===== Source records
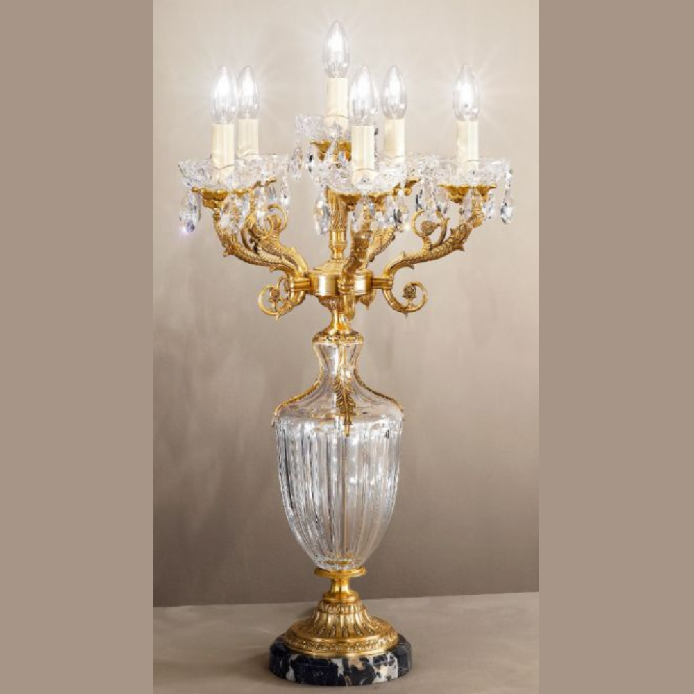 Brass table lamp in a polished real gold finish. The hand-cut crystal details add a touch of elegance to the table lamp. This lamp boasts 6 arms mounted on detailed bobeches that complement the glass detail that surrounds the stem. This lamp is finished with a marble base.
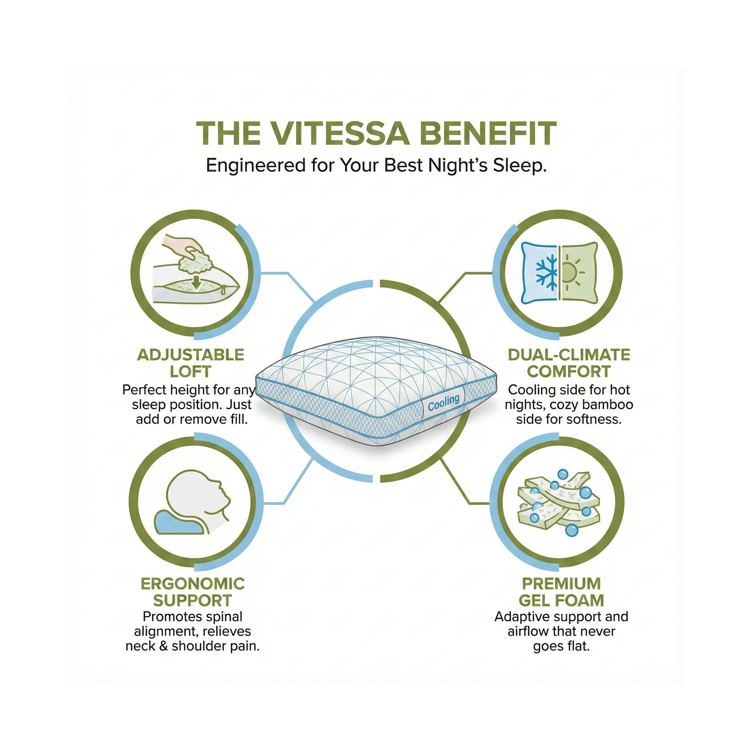 We designed Vitessa to be the only pillow you'll ever need, offering two distinct sleeping experiences. The Cooling side is ideal for hot sleepers, summer nights, or anyone experiencing night sweats. The Bamboo side (white stitching) offers a softer, naturally breathable, and hypoallergenic surface for a cozy, classic feel.
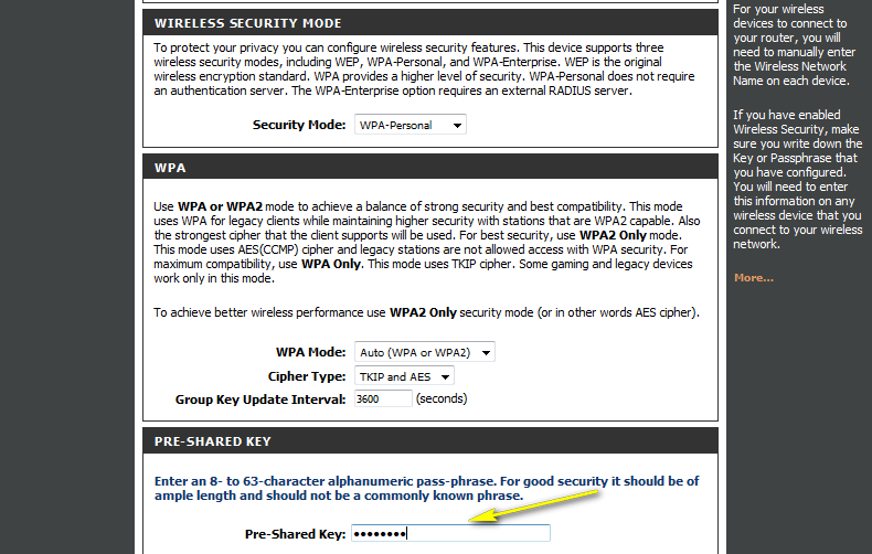 Etapa 4: Desplácese por la página hacia abajo hasta “Wireless Security Mode” (Modo de seguridad inalámbrica) .Esta es la sección en la que se especifica la contraseña inalámbrica. Puede especificar una nueva contraseña; asegúrese de hacer clic en Guardar configuración en la parte superior de la página, una vez completa.
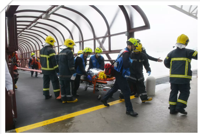 演習(xí)模擬海上兩艘游輪在海面相撞,其中一艘游輪有限度自航,游輪上船員及乘客共25人,其中有6 名乘客受輕傷,另有1 名船員于碰撞時不慎落水失蹤。另一海上游船則有船員及乘客共20人,當(dāng)中有8 名乘客受輕傷,另有2名船員于碰撞時不慎落水失蹤。
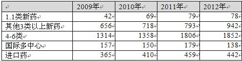 表3表明,近年来1.1类申报量基本维持在70个上下,3类新药每年增加近百个,国家鼓励创新的政策在药品申报结构上开始初步显现。
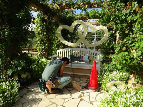夜遅くまでイルミの取り付けを頑張るM田くん!
==========
Work to be completed ▸ From the first line to the last, reproduce the records above exactly and skip the pictures.

Exercise result ▸
 Brass table lamp in a polished real gold finish. The hand-cut crystal details add a touch of elegance to the table lamp. This lamp boasts 6 arms mounted on detailed bobeches that complement the glass detail that surrounds the stem. This lamp is finished with a marble base.
 We designed Vitessa to be the only pillow you'll ever need, offering two distinct sleeping experiences. The Cooling side is ideal for hot sleepers, summer nights, or anyone experiencing night sweats. The Bamboo side (white stitching) offers a softer, naturally breathable, and hypoallergenic surface for a cozy, classic feel.
 Etapa 4: Desplácese por la página hacia abajo hasta “Wireless Security Mode” (Modo de seguridad inalámbrica) .Esta es la sección en la que se especifica la contraseña inalámbrica. Puede especificar una nueva contraseña; asegúrese de hacer clic en Guardar configuración en la parte superior de la página, una vez completa.
 演習(xí)模擬海上兩艘游輪在海面相撞,其中一艘游輪有限度自航,游輪上船員及乘客共25人,其中有6 名乘客受輕傷,另有1 名船員于碰撞時不慎落水失蹤。另一海上游船則有船員及乘客共20人,當(dāng)中有8 名乘客受輕傷,另有2名船員于碰撞時不慎落水失蹤。
 表3表明,近年来1.1类申报量基本维持在70个上下,3类新药每年增加近百个,国家鼓励创新的政策在药品申报结构上开始初步显现。
夜遅くまでイルミの取り付けを頑張るM田くん!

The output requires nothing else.